При появлении Белова офицеры смолкли, внимательно оглядели юношу с головы до ног и, не найдя в нем ничего подозрительного, возобновили беседу, приглушив, однако, голоса.

Саша заказал рябчиков и пива и, стараясь выглядеть безразличным, обратил все свое внимание на пейзаж за окном, не забывая при этом, словно по рассеянности, поглядывать на соседей.

Их было четверо: трое офицеров и франт в цивильном платье и желтом, как осенний клен, парике. И беглого взгляда было достаточно, чтобы понять, что не на дружескую пирушку собрались эти господа. Вид их, настороженный и угрюмый, сбивчивый разговор, полный колких намеков и язвительных замечаний, заставил Белова пожалеть, что он зашел в трактир и стал невольным свидетелем надвигающейся ссоры. Больше всех горячился плотный широкоплечий офицер в форме поручика Преображенского полка. После каждой фразы он опускал на стол кулак, словно ставил им знаки препинания, и тяжело водил шеей.

– Это ты правильно, Вась, делаешь, что со мной не чокаешься, – приговаривал он. – Я и сам с тобой чокаться не хочу.

Сидевший напротив поручика франт невозмутимо пил пиво, глядя поверх голов офицеров.

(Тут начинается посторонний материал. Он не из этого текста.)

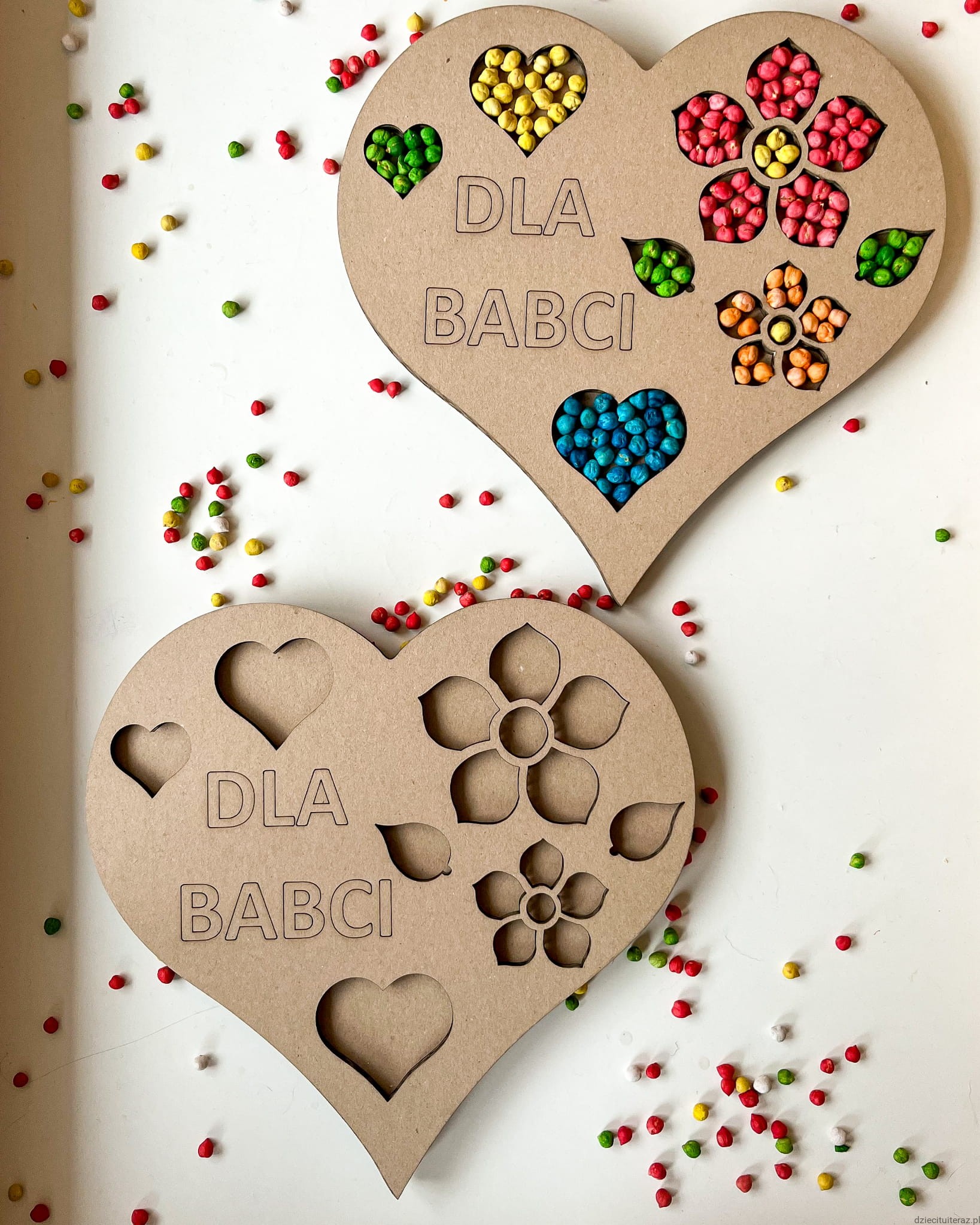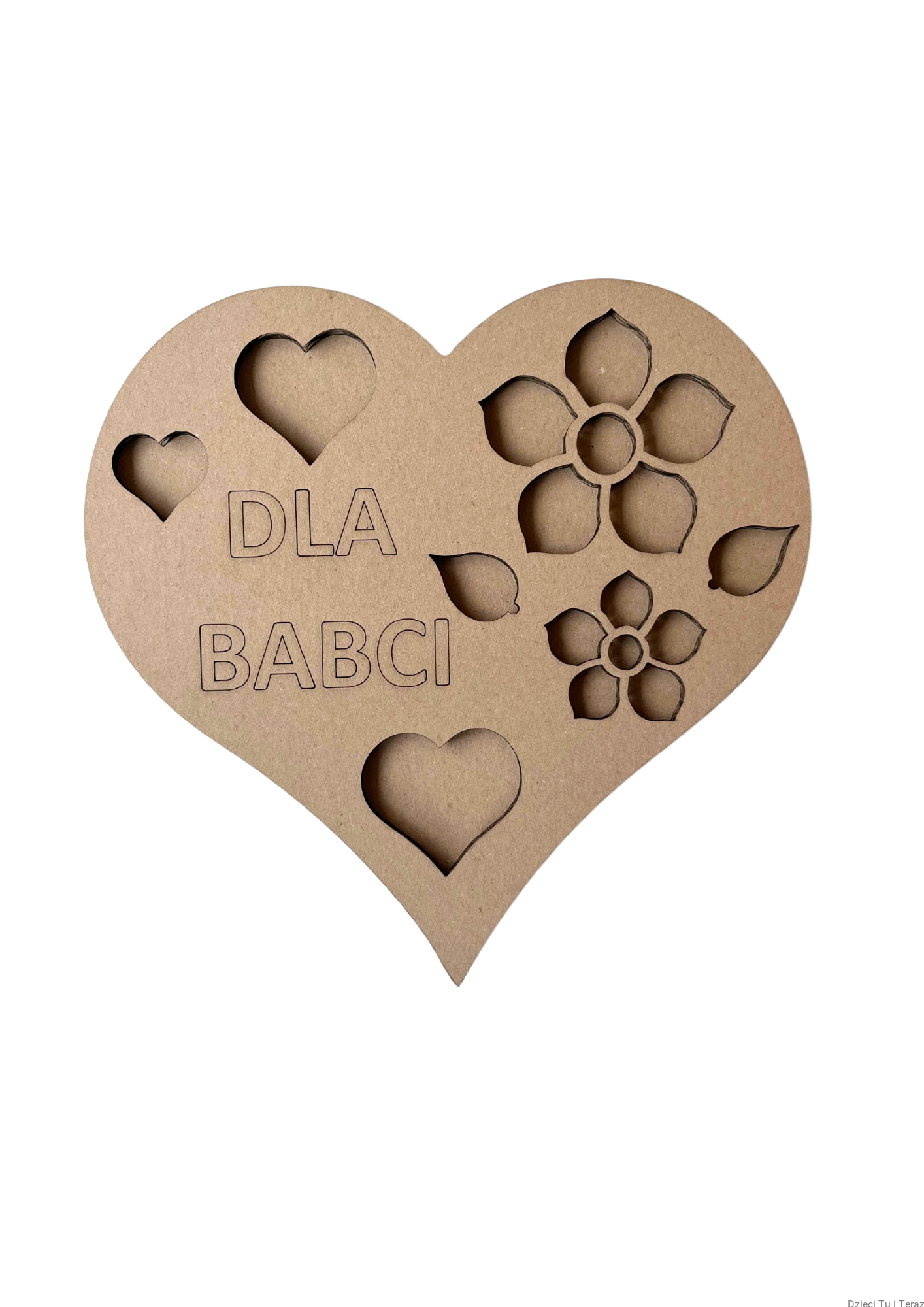 Sensokarton w kształcie serca z napisem DLA BABCI

– Я и пить с тобой не хочу за одним столом, – продолжал поручик, – да поговорить надо. А разговор не клеится… – Он схватил кружку, опорожнил ее залпом и перегнулся через стол, пытаясь заглянуть франту в глаза. – Думаешь, мы не слыхали про Соликамск? Кому охота ехать в Соликамск по собственной воле? Все курляндцы – канальи, а ты еще хуже. – Он вдруг вскочил на ноги. – Когда-то ты был моим другом…

– Опомнись, Ягупов, – сказал тот, к кому были обращены бранные слова.

Сидевшие рядом офицеры дружно вцепились в поручика с двух сторон, пытаясь заставить его сесть, но тот расправил плечи, напрягся и зычно гаркнул:

– Сколько тебе платят за донос?

– Выбирай слова! Какие, к черту, доносы? – Франт тоже вскочил на ноги.

– Лядащев, уйди! Разве ты не видишь – он пьян, – умоляюще крикнул смуглый, с раскосыми, как у татарина, глазами офицер. Он боролся с правой рукой Ягупова, но силы его были явно на исходе.

– Какие доносы? Те самые! – не унимался Ягупов. – Иначе зачем тебе с курляндцем компанию водить? Бергер мать родную не пожалеет, лишь бы платили. Бергер – каналья, и ты – каналья!

– Моли Бога, чтоб я забыл этот разговор. А не то…

– Ты еще смеешь мне угрожать? Ах ты… – Ягупов рывком освободил правую руку и с силой метнул тяжелую оловянную кружку в Лядащева.

Тот пригнулся, но кружка все же задела его руку и со звоном упала на пол.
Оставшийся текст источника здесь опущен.